Updated 2:39 p.m.
Netflix has a new strategy in its battle over who should pay to deliver video to users: make customers think slow speeds are Internet Service Providers’ fault.
A Twitter user spotted on Tuesday a new buffering screen that blames Verizon for slow speeds. “The Verizon network is crowded right now,” the screen reads.
Oh snap, netflix. pic.twitter.com/wMfavoHOyj
— Yuri Victor ♥ (@yurivictor) June 4, 2014
Netflix users have been reportedly experiencing slower streaming speeds on Verizon’s FiOS Internet service in recent months. Netflix agreed in April to pay Verizon to establish a direct connection to its network to deliver video content across the “last mile” into users’ homes.
However, Netflix says it’s ideologically opposed to such paid peering agreements, viewing them as a violation of net neutrality. ISPs such as Comcast and AT&T have said that Netflix should pay for the costs of serving its own video content, while Netflix argues that ISPs essentially get paid twice, first from customers and then from content providers, when they charge interconnection fees.
Now, Netflix is placing blame on ISPs not only in blog posts but within the Netflix app itself. These types of messages may start popping up for other Internet subscribers too.
“We are trying out different ways to keep our members informed,” Netflix spokesman Joris Evers said in an email. “This is a test that isn’t limited to Verizon.”
Though the Verizon deal was signed in late April, streaming speeds for FiOS and Verizon’s slower DSL service were no faster that month, according to Netflix’s monthly ranking of ISP streaming speeds. Bob Elek, a Verizon spokesman, said in an email that the company has not changed its network since inking the Netflix agreement. Elek also said the Netflix buffering message could “confuse” customers.
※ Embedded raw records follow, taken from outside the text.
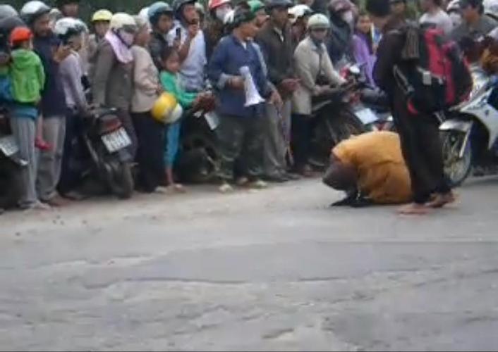 | Trước đó, khi đoàn "nhất bộ nhất bái" đến địa phận tỉnh Quảng Bình, đây cũng là nơi ghi dấu, lần đầu tiên hình ảnh các thành viên trong đoàn tháp tùng “tung chưởng”, ném nón lá vào người dân hiếu kỳ đến xem nhà sư hành lễ bị ghi lại |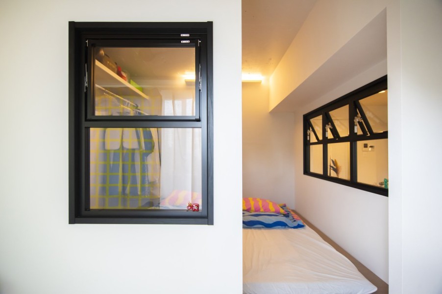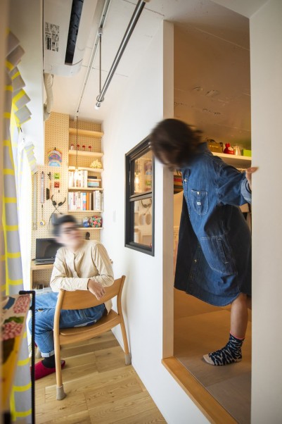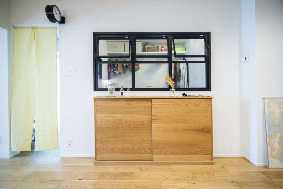 洋室は小上がりになっており、畳をめくると布団や季節家電が入れられる深さの床下収納になっています。リビングから光と風を取り込めるよう、室内窓を2か所に取り付けました。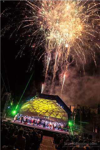 Desde el año 2009 venimos realizando el Concierto de la Banda Sinfónica, sincronizada con Fuegos Artificiales en la Feria de Albacete. Nuestra empresa realiza toda la producción, desde la instalación de la iluminación, sonido y fuegos artificiales, hasta los grupos electrógenos y elevadores necesarios para el espectáculo.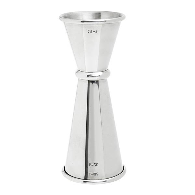 With an improved design, this Mezcalr Banded Jigger from Beaumont is perfect for use when making cocktails. With a 25ml and 50ml end, this jigger also features a 35ml internal line.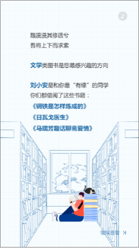在毕业季来临之际,图书馆为每个毕业生准备了一份数据报告,提供他们在校期间图书馆里的学习轨迹、阅读清单,为大学的求学时光做个记录。也祝愿毕业生们不管是继续求学深造还是步入社会,都能脚步铿锵,前程顺利。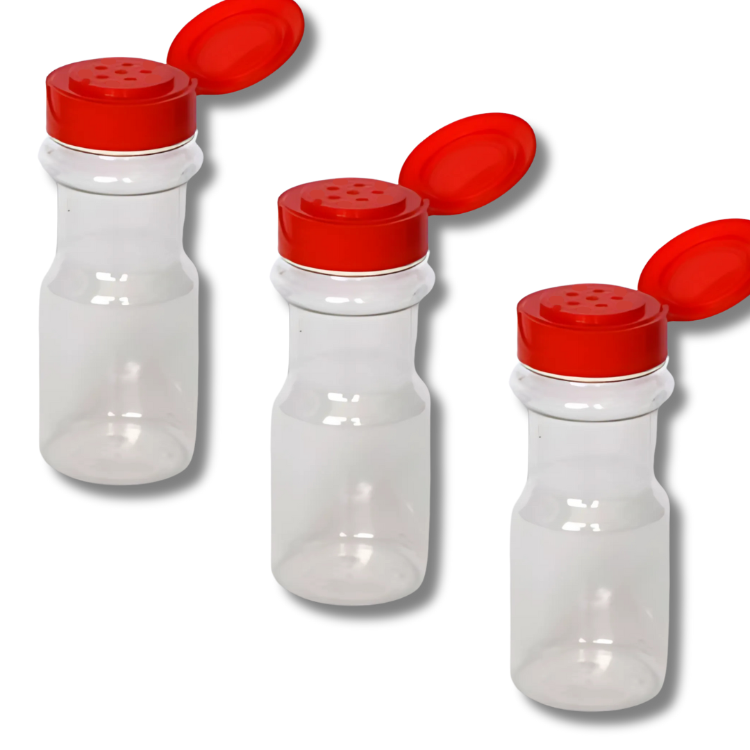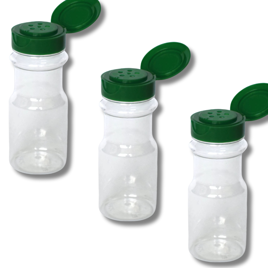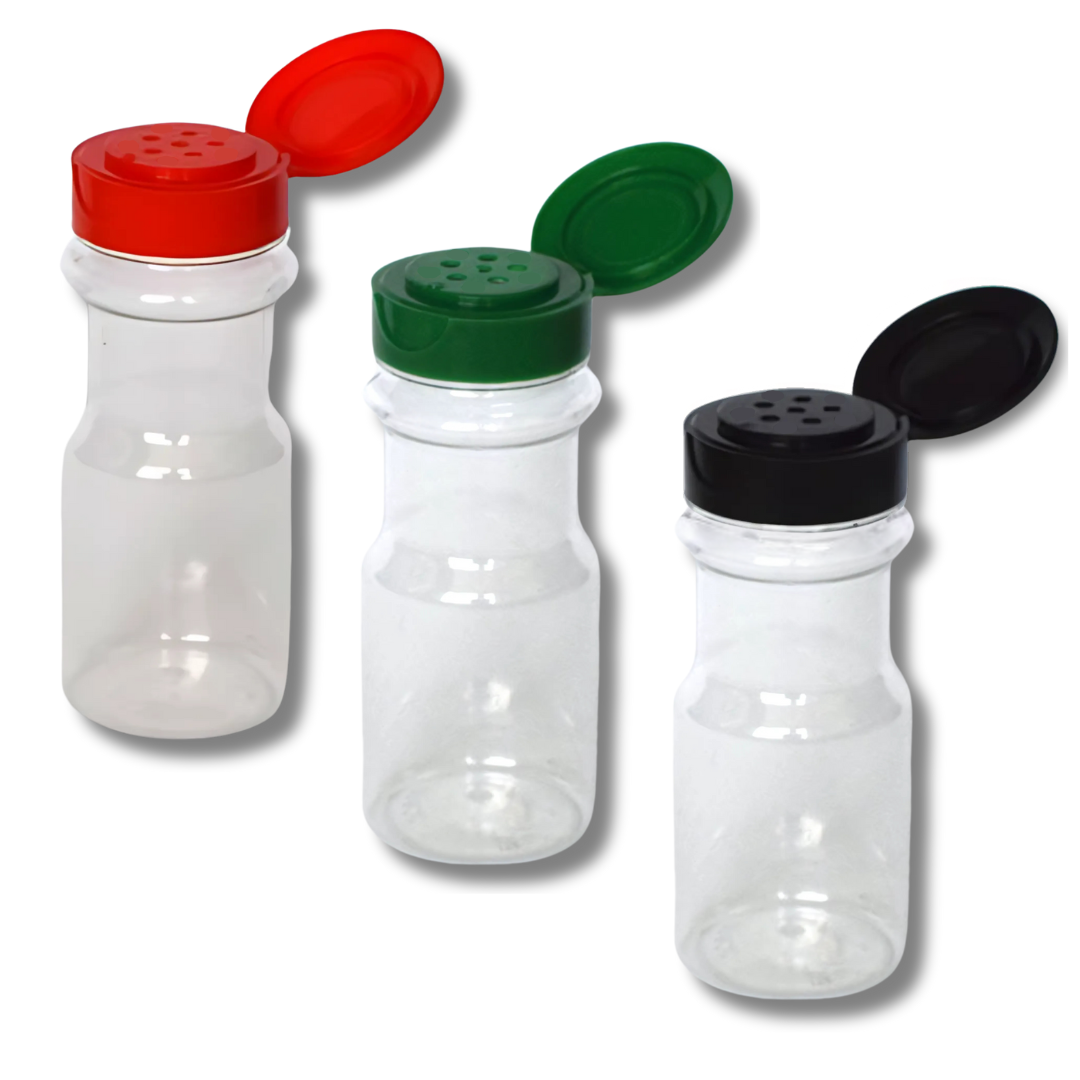 Nuestros saleros PET de 100 y 225 gramos estรกn diseรฑados para adaptarse a todas tus necesidades. Fabricados en plรกstico resistente, son livianos y fรกciles de manipular. Su tapa con liner asegura un cierre hermรฉtico, preservando la frescura y evitando derrames. Disponibles en tres colores: negro, verde y rojo, para que elijas el que mejor combine con tu espacio.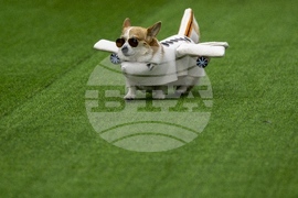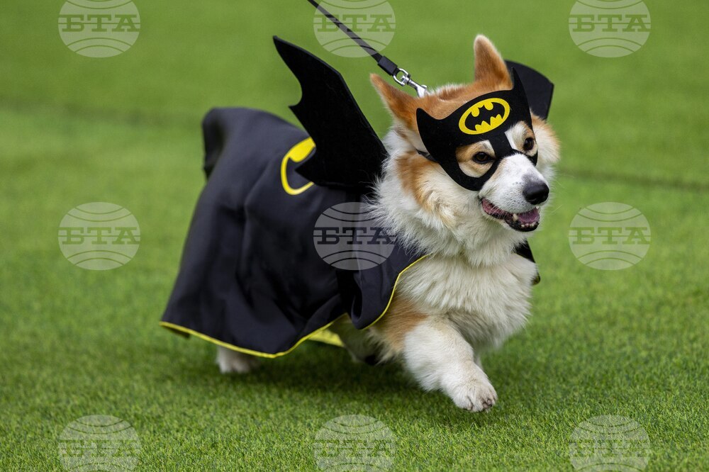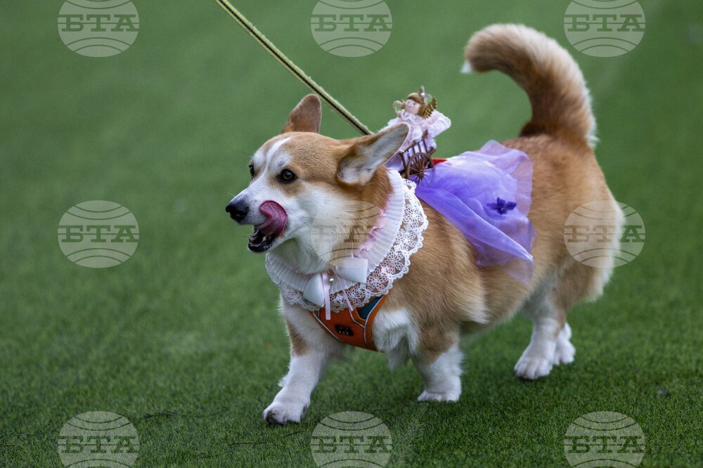 A corgi dog participates in a fashion show during a international event Corgi Race Vilnius 2025 in Vilnius, Lithuania, Saturday, Aug. 23, 2025. (AP Photo/Mindaugas Kulbis)

“We are working quickly to implement the network architecture and expect improvements to be experienced across the FiOS footprint throughout 2014,” he said. “Having said that, this seems to be PR driven – we’re investigating this claim but it seems misleading and could confuse people.”
Verizon took a more direct stance against the Netflix messaging in a blog post Wednesday afternoon. “The problem is most likely congestion on the connection that Netflix has chosen to use to reach Verizon’s network,” the company wrote. “Of course, Netflix is solely responsible for choosing how their traffic is routed into any ISP’s network. It is sad that Netflix is willing to deliberately mislead its customers so they can be used as pawns in business negotiations and regulatory proceedings.